Director Glendyn Ivin is still riding high from his latest project, The Cry, a gripping thriller that takes place across two countries.
The four-part series has been hugely successful in the United Kingdom, with seven million people tuning in to watch it every week.
The show has found similar success in Australia, however in a different format, with millions binge watching it online at ABC's iView.
The former Oxley High School student from Tamworth said The Cry was "intensely gripping in the best way possible".
"Once you start watching, you can't stop," Ivin said.
"I've had friends message me saying, 'I was only going to watched one episode - now it's 1am and I've finished the series'."
The Cry follows young parents Joanna and Alistair, who travel from Scotland to a small coastal town in Australia to fight for custody of Alistair's daughter. Not long after arriving, their baby son Noah goes missing.

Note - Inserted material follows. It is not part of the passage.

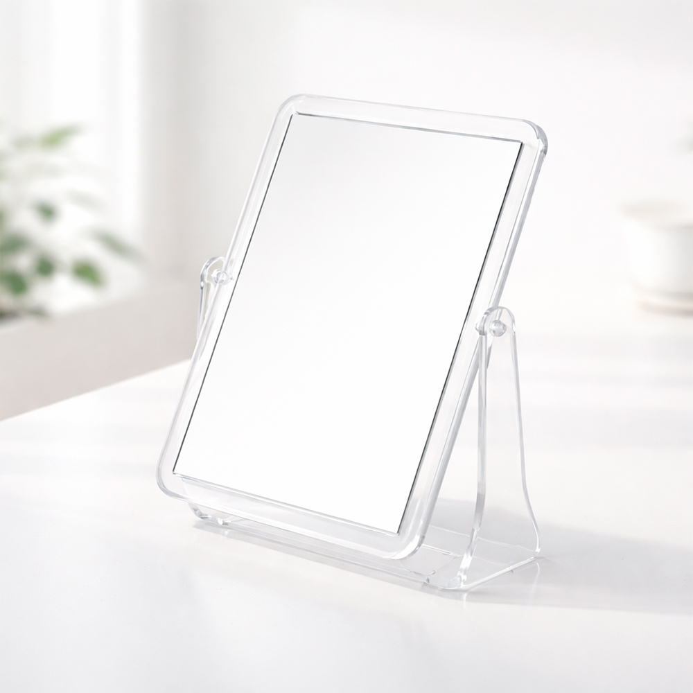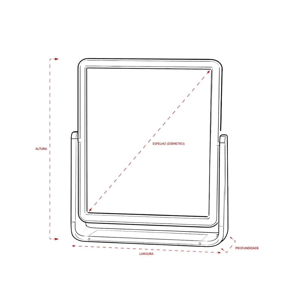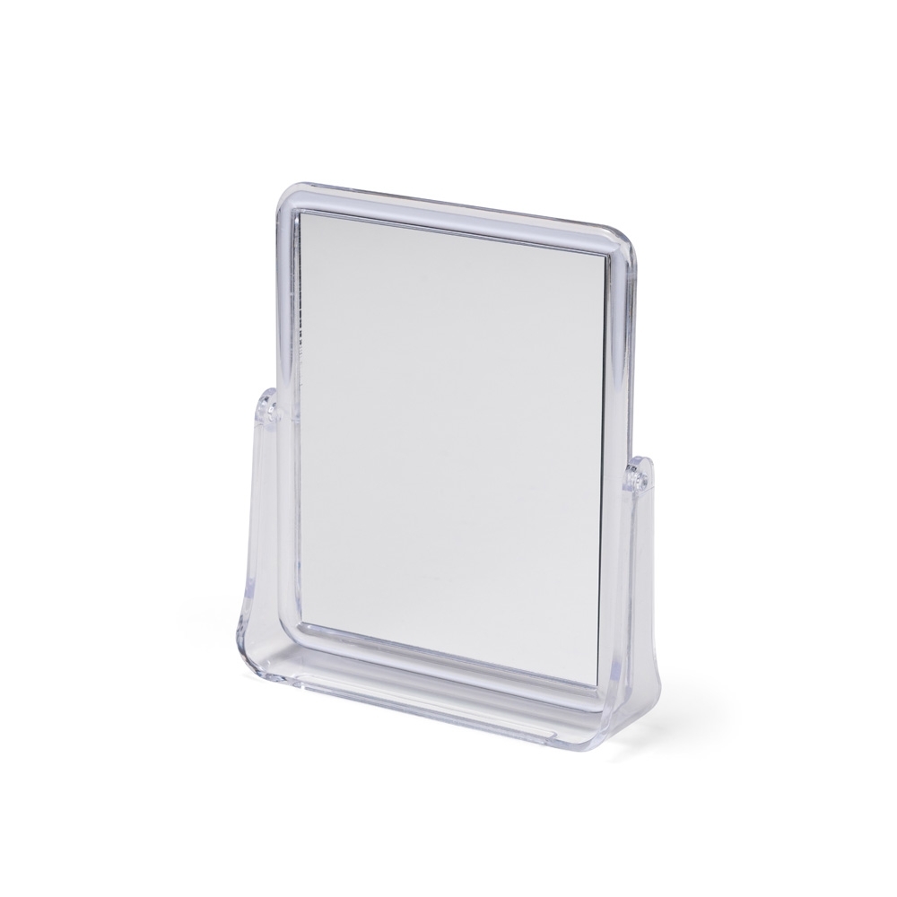 Descrição: Espelho de mesa retangular giratório com face dupla sem aumento e estrutura em plástico polipropileno (PP) transparente.

Ivin said the audience was handed pieces of a jigsaw, "one piece at a time".
"At the end, once the last jigsaw clicks in to place, it is a very different picture to what you thought it was," he said.

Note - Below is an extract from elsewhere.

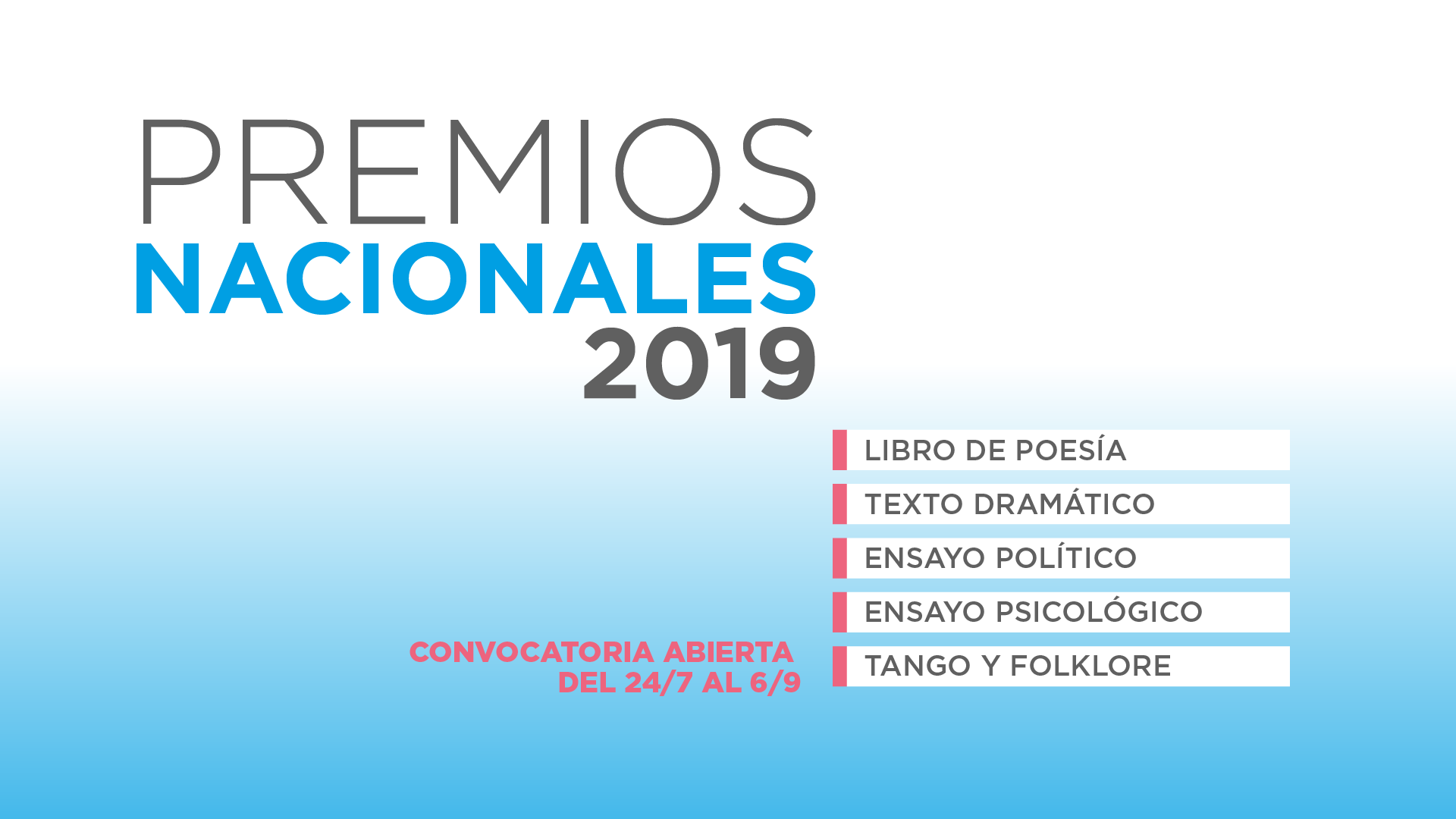 Hasta el 6 de septiembre la Secretaría de Cultura de la Nación mantiene abierta la convocatoria para participar de los Premios Nacionales 2019. En esta oportunidad, concursarán las primeras ediciones de obras publicadas y/o estrenadas durante el período 2015-2018 sin excepción..

"I think it's so popular because it feels so real, and the audience is constantly asking the question 'What the hell is going on? What would I do in that situation?'"
With half the show shot in Australia and the other half in Scotland, the series was "by far the biggest project" the Tamworth product has been apart of.
The Australian part of the series takes place in an imaginary beach town called Wilde Bay, created out of several places.
"There was a house in Williamstown in Melbourne, parts of Queenscliff, St Andrews Beach in Melbourne. The wide shots of Wilde Bay were shot at Apollo Bay," Ivin said.
"All up, making this was a year and a half of my life. I spent seven months editing in the UK. It was a big for my family as well, they moved over with me."
Ivin said he fell in love with the city of Glasgow and the surround highlands.
"The Scottish landscape felt familiar to me - probably in party because in Tamworth, you're always surround by hills and you're near to nature," he said.
"It's similar - not far out of the city you have the most beautiful wildness. There is something about how damp and beautiful it is."
Ivin next project is a feature-length film.
"I've always wanted to make a film that I could take my daughter and mother to," he said.
"I can't say too much more, but that hopefully it should in cinemas soon."
The talented Tamworth man was also responsible for telling one of Australia's most iconic war stories, in the mini-series Gallipoli.